Model Legislation: Scholarship Tax Credits

Introduction

In most of the country, a student’s access to educational opportunities is primarily determined by zip code and accident of birth. Wealthier families can afford to live in high-performing public school districts or to send their children to independent schools. Unfortunately, millions of low- and middle-income families only have one choice: their local, assigned district school.

Since no one school can best meet the diverse needs of all the children living in a given geographic area, policymakers have sought innovative methods of expanding educational opportunities.

The global research literature overwhelmingly demonstrates that student outcomes improve when parents are free to choose among a variety of schooling options. Likewise, a literature review of domestic research on educational choice programs revealed that 11 of 12 randomized-controlled studies—the gold standard of social science research—found that choice programs had a positive impact on participating students' academic performance. One study found no statistically significant difference. No gold standard study has found a negative impact.
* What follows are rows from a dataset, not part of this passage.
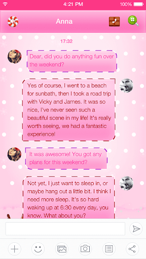 Decorate your Messages with tons of colorful and stylish Messages Themes(keep increasing). An awesome way to turn a plain Messaging app into a beautiful and unique one. Personalize Messages in your own way.
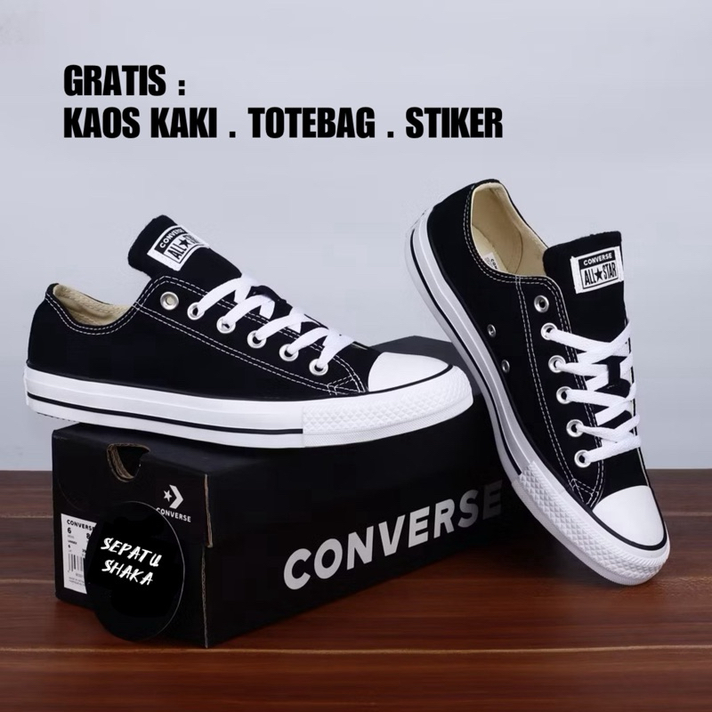 [PROMO] SEPATU CONVERSE CHUCK TAYLOR ALL STAR OX BLACK WHITE HITAM PUTIH CLASSIC LOW / SEPATU SEKOLAH
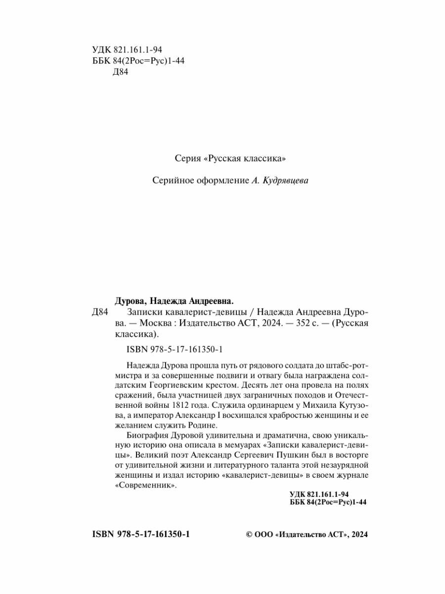 Записки кавалерист-девицы (Надежда Дурова); АСТ, Neoclassic, 2024

Other recent studies have found that school choice programs produce higher graduation rates, higher college enrollment, and even increased civic-mindedness.

Expanding educational choice and competition can also benefit students who remain at government-run district schools. In total, 22 of 23 studies have found that the academic performance of district school students improves as a result of increased competition. No study has found a negative outcome.

The most popular form of private educational choice program is the scholarship tax credit (STC) program. STC programs grant tax credits to individuals and/or corporations who donate to non-profit scholarship organizations that fund low- and middle-income students attending independent or home schools. There are currently more than 150,000 students participating in 16 STC programs operating in 13 states.

In survey after survey, parents of scholarship recipients express high levels of satisfaction with their chosen schools. In 2013, 98.6 percent of parents of scholarship recipients in Georgia reported being "very satisfied" or "satisfied" with their chosen school.

When designed and implemented properly, STC programs can expand educational options while saving money. Studies of the financial impact of STC programs in three states found that they saved money by decreasing government expenditures more than they decreased tax revenue. The most comprehensive study by the Florida legislature's nonpartisan Office of Program Policy Analysis and Government Accountability found that the Sunshine State’s STC program saved $1.44 in state expenses for every $1.00 of forgone state tax revenue.

Unlike school voucher programs, STC programs do not utilize public funds. That means they are more likely to pass constitutional muster where state constitutions forbid the expenditure of public funds at parochial schools. Likewise, STC programs are less likely to be over-regulated."

The model legislation proposed here shows how state-level policymakers can design a scholarship tax credit program that expands educational opportunities for the families who need them most without imposing any unnecessary or counterproductive regulations.